Records to use section start

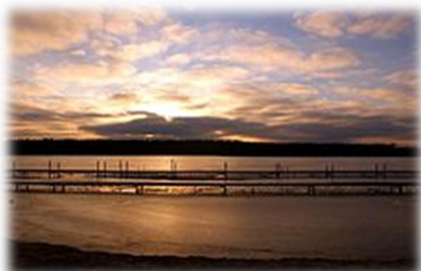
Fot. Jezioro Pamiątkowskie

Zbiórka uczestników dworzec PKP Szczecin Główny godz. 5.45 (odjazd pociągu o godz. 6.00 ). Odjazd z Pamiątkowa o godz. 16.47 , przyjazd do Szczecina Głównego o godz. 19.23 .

Records to use section end
Records to use section start

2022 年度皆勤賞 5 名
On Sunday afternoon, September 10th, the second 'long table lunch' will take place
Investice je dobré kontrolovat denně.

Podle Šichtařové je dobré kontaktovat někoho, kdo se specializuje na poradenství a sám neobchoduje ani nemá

Records to use section end

Exercise directions: What belongs in the answer is each line of the data that has the word "dobré".

Task result:
Investice je dobré kontrolovat denně.
Podle Šichtařové je dobré kontaktovat někoho, kdo se specializuje na poradenství a sám neobchoduje ani nemá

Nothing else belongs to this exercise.